Buckhead investor could face jail over blighted property

UPDATE: The trial for Buckhead real estate investor Rick Warren was pushed back Monday morning so he could hire a criminal attorney to represent him. Warren, who bought up much of an impoversighed west Atlanta neighborhood, was scheduled to face a judge for conditions at a burned-out property near the English Avenue community. He is set for re-arraignment on May 18.

A Buckhead investor who bought up much of an impoverished west Atlanta neighborhood faces possible jail time when he stands trial Monday.

Rick Warren is charged with three counts of violating city housing code because of conditions at a burnt-out, debris-covered property near the English Avenue neighborhood. Violations are usually punished by fines and fees, but city code requires jail time for defendants with four or more convictions.

An Atlanta Journal-Constitution investigation found in November that Warren and various partners had bought up some 10 percent of the houses in and around the community, which is just west of the Falcon’s stadium. Experts said this is an unprecedented share for a neighborhood in a major city.
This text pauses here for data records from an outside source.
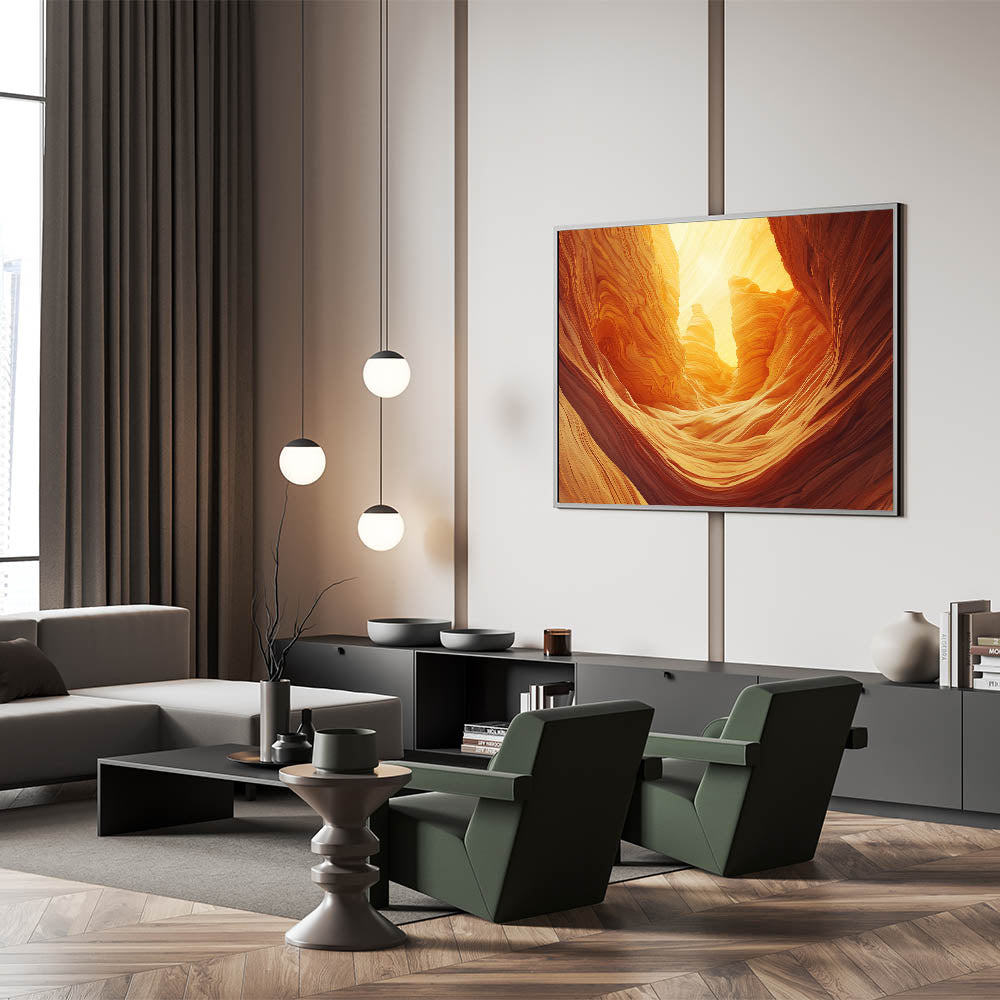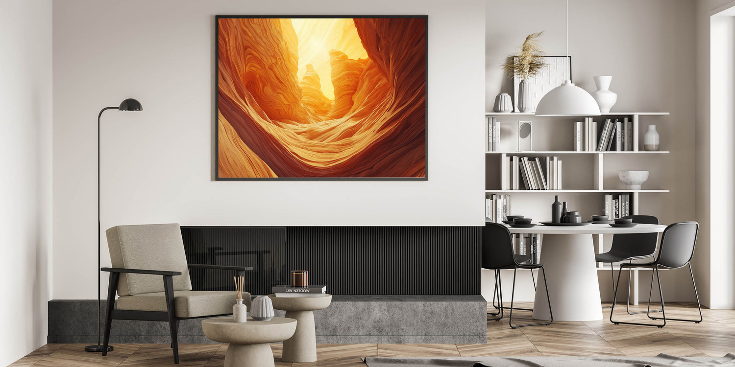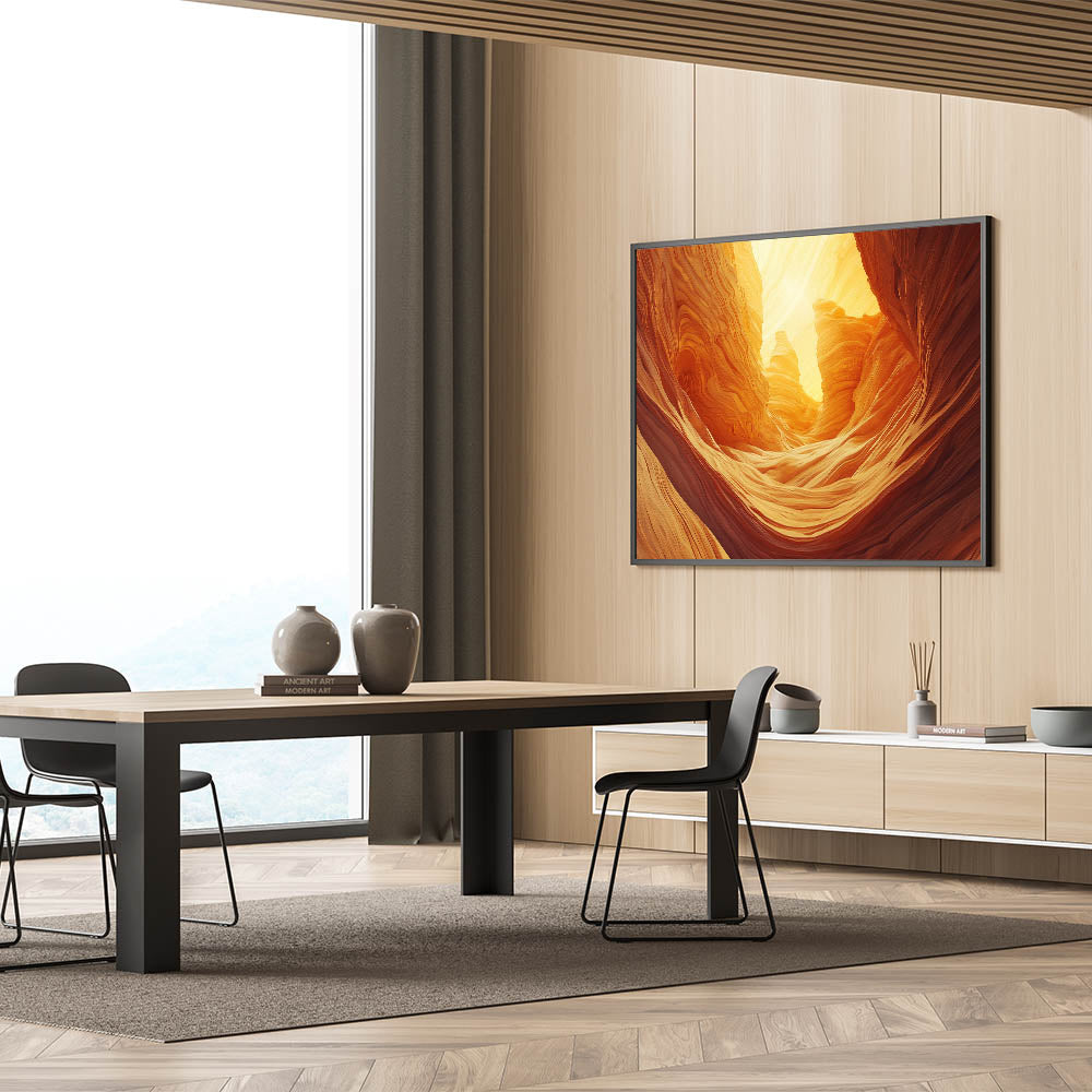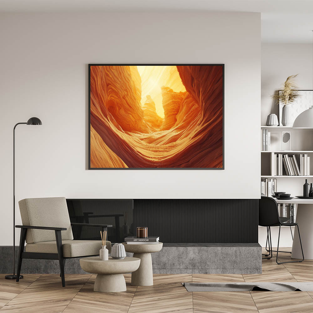 Illuminate your space with the warm, golden tones of this cave painting decor, featuring breathtaking natural rock formations bathed in radiant sunlight. This artwork captures the essence of desert caves with their flowing, sculpted textures and glowing ambiance, bringing a sense of tranquility and wonder to your decor.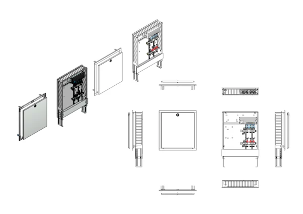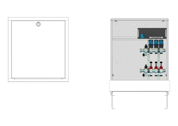 Modulare Anschlussstation für Flächenheizung, im Unterputzschrank montierter Edelstahlverteiler mit absperrbarem Durchflussanzeigern und Ventileinsätzen für EGO-Schnellverschluss, vormontierte und vorverdrahtete EGO-Regelantriebe auf vormontierter Klemmleiste, Platzhaltung für Anschlussgarnituren mit oder ohne Wärmezählerverrohrung und Wasserzählereinbaustrecken.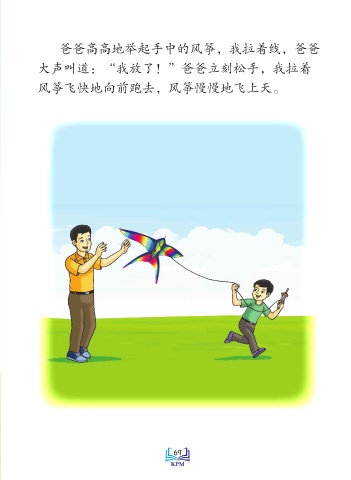 爸爸高高地举起手中的风筝,我拉着线,爸爸 大声叫道:“我放了!”爸爸立刻松手,我拉着 风筝飞快地向前跑去,风筝慢慢地飞上天。 Saiz sebenar 69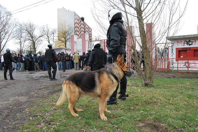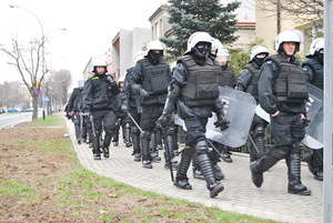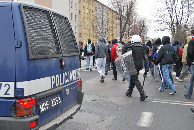 Policjanci z Podkarpacia zabezpieczali dziś dwa spotkania piłkarskie w Stalowej Woli i Rzeszowie. Mecze cieszyły się sporym zainteresowaniem kibiców. Były to imprezy tzw. podwyższonego ryzyka, z policyjnych informacji wynikało, że kibice mogą próbować zakłócić spokój. Działania Policji zapobiegły chuligańskim incydentom. Oba mecze rozpoczęły się w południe. Drugoligowa Stal ze Stalowej Woli podejmowała katowicki GKS, a trzecioligowy zespół Resovii gościł drużynę Sandecji Nowy Sącz. Do Stalowej Woli przyjechało 800 kibiców gości, w Rzeszowie Sandecję dopingowało 350 fanów. Policjanci eskortowali grupy kibiców z dworców kolejowych, na które dotarli specjalnymi pociągami, na stadiony. Po meczach odprowadzali ich na stacje. W Rzeszowie nie doszło do żadnych incydentów, w Stalowej Woli po meczu policjanci musieli dwukrotnie interweniować. Przyjezdni kibice popychali policjantów osłaniających przemarsz, uspokoili się dopiero, kiedy Policja użyła gazu pieprzowego. Po raz drugi zakłócili spokój na dworcu. Zbierali kamienie z torowiska i rzucali je w policjantów. Nie reagowali na polecenia, dlatego policjanci użyli pałek. Kamień zarysował nadwozie jednego z policyjnych radiowozów. W zabezpieczenie spotkań zaangażowani byli policjanci z wielu podkarpackich jednostek. Na zdjęciach: policjanci zabezpieczają przemarsz kibiców na stadion w Rzeszowie.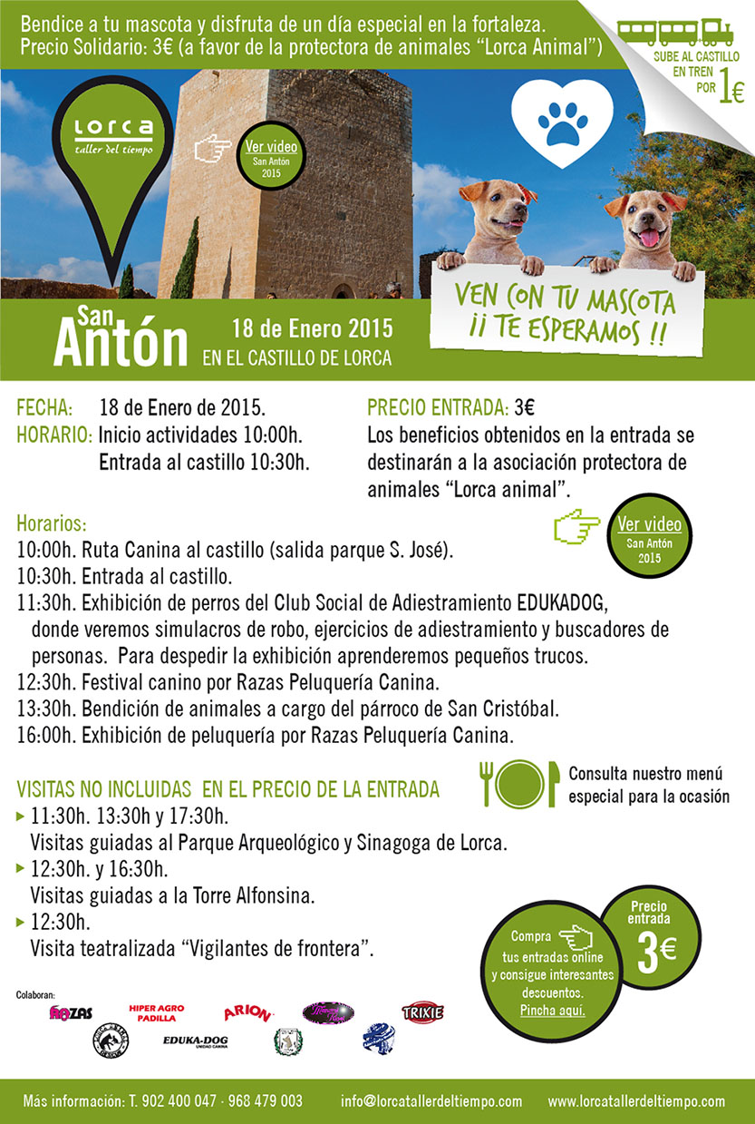 El domingo 18 de enero, a partir de las 10:00 horas, comienzan las actividades con motivo del día de San Antón en el Castillo de Lorca.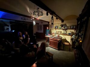 Помічники Таємного Аптекаря розповіли про символ медицини та фармації – чашу зі змією, адже колись зміїна отрута використовувалась як ліки. Також всі присутні ознайомилися з виставкою аптечного посуду часів кінця 19-го – початку 20-го століть, зокрема побачили лабораторний посуд таких світових брендів, як VICHY, BROCRD, BYER та BITTNER.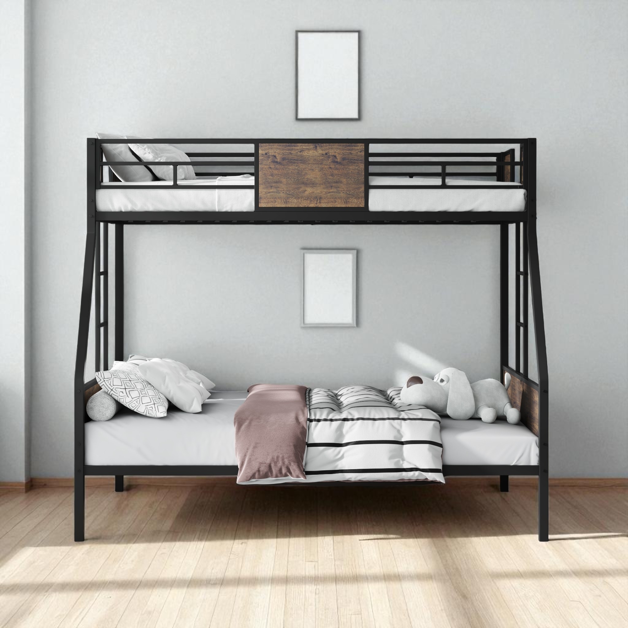 Twin Over Full Metal Bunk Bed with Trundle, Safety Guardrails, Dual Ladders and Slat Support, No Box Spring Required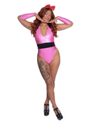 The Bubbles Boo Bodysuit Set brings a playful twist to festival fashion, inspired by the iconic character Bubbles from the Powerpuff Girls. This sleek one-piece halter bodysuit combines bold, nostalgic vibes with a modern, flattering fit, making it the perfect outfit for festivals or events.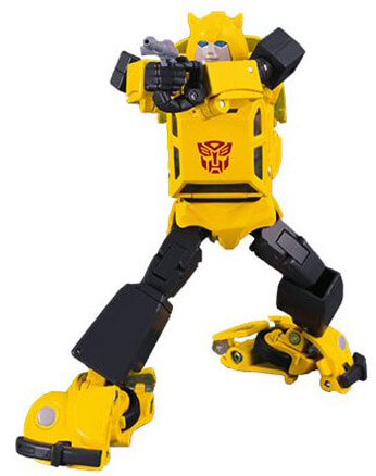 He's back - and he's friendly! It's the return of Bumblebee from the first Transformers cartoon, completely animated with all of the amazing detail of the Takara-Tomy Masterpiece Series! The robot reproduces the original animation design, coloring and proportions from the classic Sunbow series The Transformers. Thanks to the incredible range of motion, Bumblebee's action poses make this the ultimate display piece!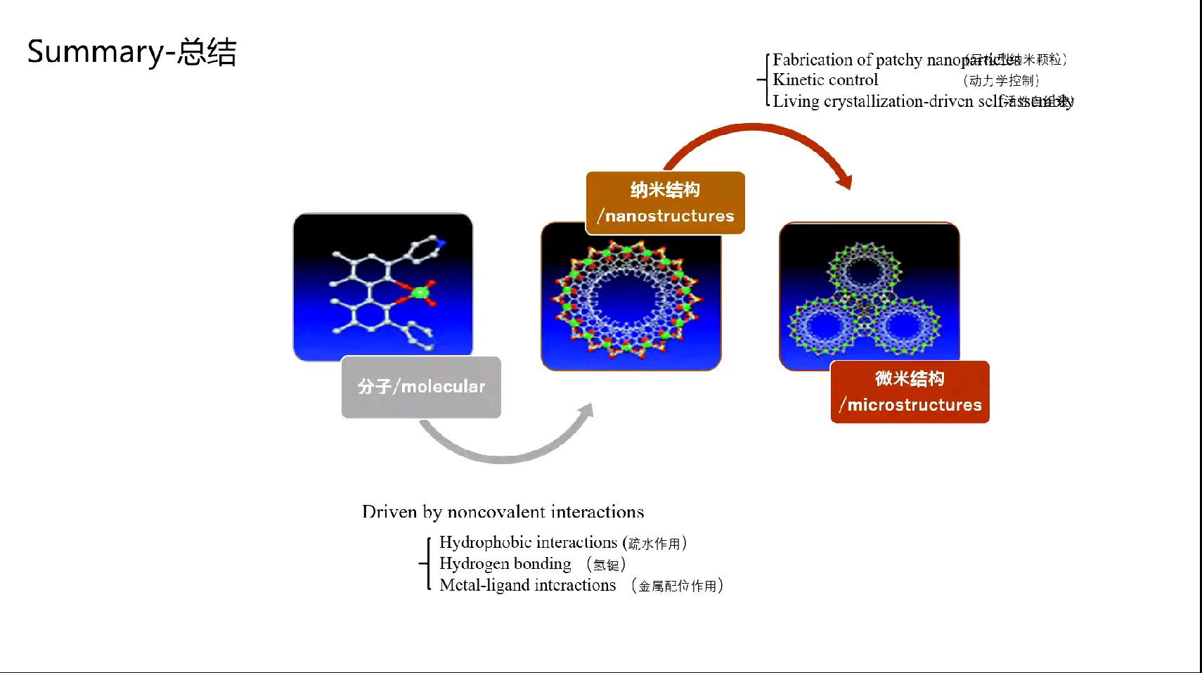 最后,刘老师讲到,与生命体中的超分子自组装过程相比,科学家目前的对于超分子自组装的研究还处于初级阶段,尤其是对纳米颗粒的研究是极具匮乏的,当前自组装领域面临着诸多挑战,例如生物体中复杂的自组装过程以及如何对自组装过程进行追踪等都是亟待解决的问题,这就需要不断的有青年学者投身超分子自组装研究。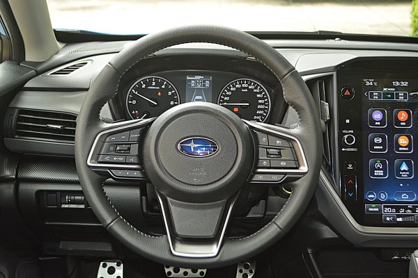 內裝採用多重材質混搭,並採多層結構設計,以結合縫線的皮革包覆,類碳纖維飾板和皮革紋塑料組合,儀表台更是採不同材質的面板層層堆疊,和外觀一樣,呈現剛強結實的視覺印象,11.6 吋盾型直列式多媒體螢幕為座艙視覺重心,強化座艙的科技感。大視野是Crosstrek的重點賣點,號稱每一扇窗都有大約一公尺高度的視野,加上A柱旁特大的三角窗,前座視野之開闊,坐在駕駛座會更能掌控車前和車側的狀況。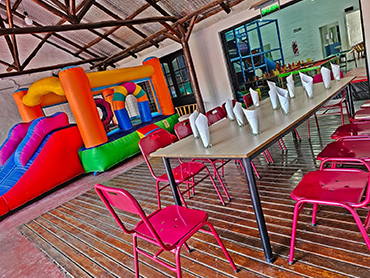 Para que tu hijo/a tenga una fiesta inolvidable contamos con un amplio espacio de juegos para que los niños tengan diversión asegurada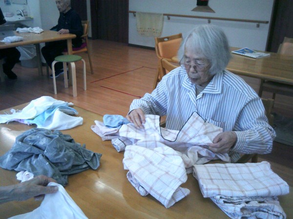 1階・お手伝い(お洗濯物畳み)のご様子です☆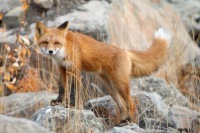 It's late in the afternoon in September, and the sun will soon set under the horizon. This Red Fox suddenly peeks at us from behind a rock and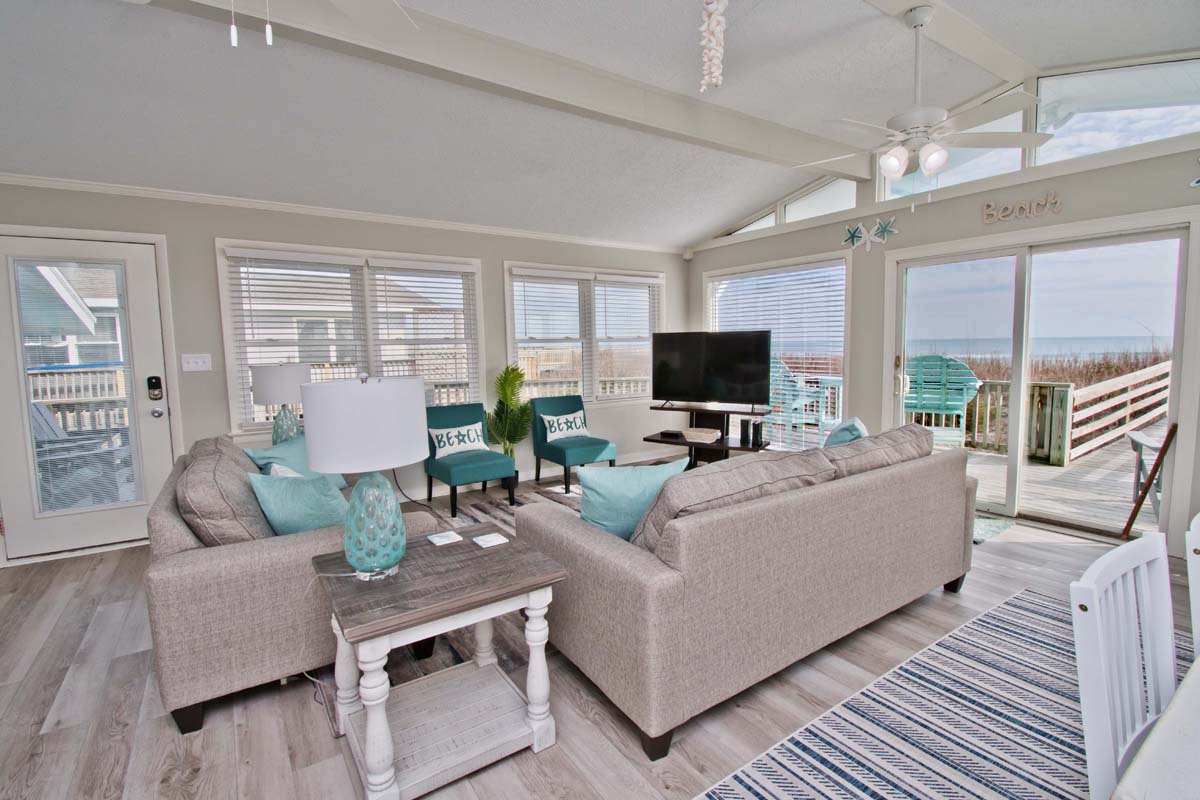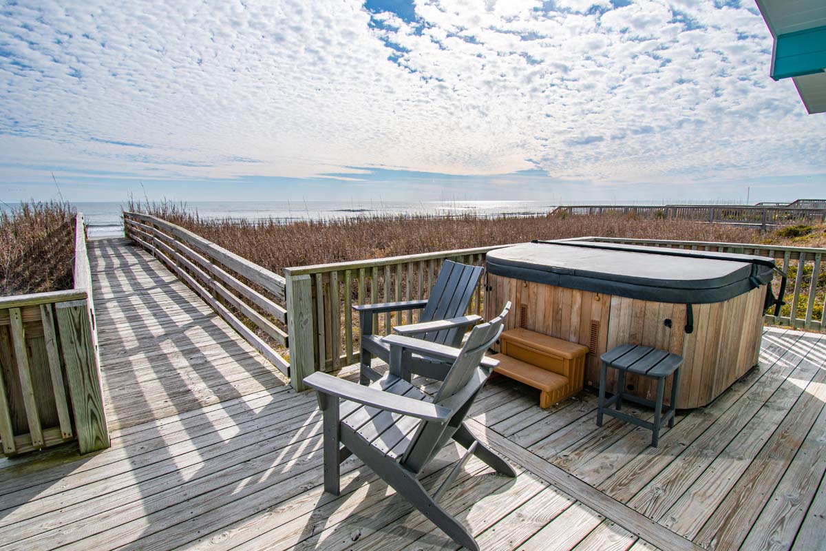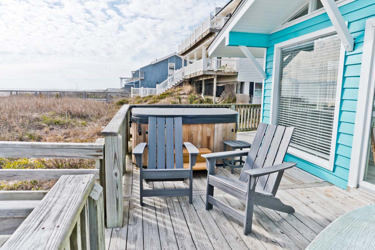 What could be more summery than Dune It Whale? When you rent this 4-bedroom, 2-bathroom, oceanfront home, you can relax, kick your shoes off and enjoy the beachy air all week long! Dune It Whale features a 6 person hot tub (see #19 below) to help in the relaxation process. Enjoy hours of rocking on the covered porch while you watch the ocean waves roll by. This vacation rental is perfect for your family's vacation to Emerald Isle!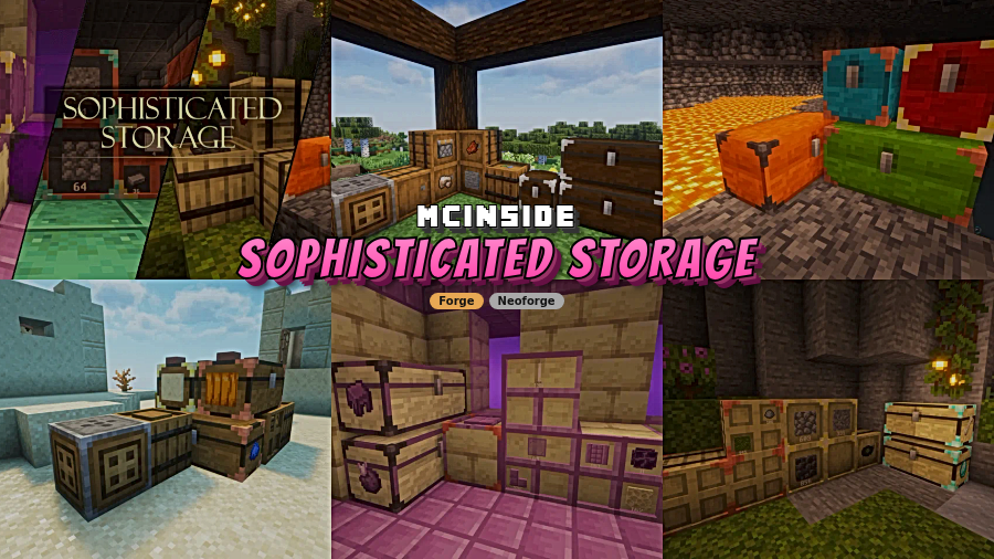 Sophisticated Storage Mod is a storage mod that adds upgradeable barrels, chests, shulker boxes, and decorative customization systems for Minecraft Forge and NeoForge.

Residents complained they were overwhelmed by filth and crime at his derelict houses, and Mayor Kasim Reed said Warren is worsening conditions in historic neighborhoods that already are struggling.

“While residents in these communities continue to work to restore their neighborhoods, Warren has consistently paid little to no regard to their quality of life and the impact of his business practices,” Reed said in a written statement Friday. “His vacant and abandoned properties continue to leave a trail of blight, and we will not allow this behavior to continue.”

Warren’s attorney did not immediately return a call for comment.

The investor previously told the AJC that vandals, copper thieves and illegal dumpers undermine his attempts at keeping this properties clear of violations. Yet he also admitted in sworn testimony that he knew that criminals had taken over some of them, and he had no plans to evict them or make repairs.

City code enforcement officers repeatedly issued citations against Warren, whose companies were listed as owner of some 150 properties, many purchased for only a few hundred dollars each. Yet his homes continued to cycle in and out of housing court as he took advantage of an overburdened code enforcement system, the AJC found

In the months since the AJC’s investigation, city code enforcement officers issued additional citations on at least nine of Warren’s vacant homes, all of them in west Atlanta. Two were burnt out, according to code enforcement records. One had been crushed by a tree. Others were unsecured against vagrants and vandals, overgrown, covered in junk or had damaged roofs.

A jail sentence would send an important message to speculators, said English Avenue Neighborhood Association president Demarcus Peters. They have been snapping up properties as the new $1 billion Falcons stadium is built next door, and many have left them dilapidated as they hope for real estate values to rise.

“It would put people on notice that you cannot sit back and exploit low-to-moderate income neighborhoods and wait for the profit,” Peters said.

Warren was cited Feb. 6 for the house that is the focus of Monday’s trial. It is mostly demolished now, but as recently as last week, heaps of charred wood and other debris covered the yard. After an AJC reporter photographed the property, Warren’s workers arrived to clear away the junk. The house’s singed foundation remained.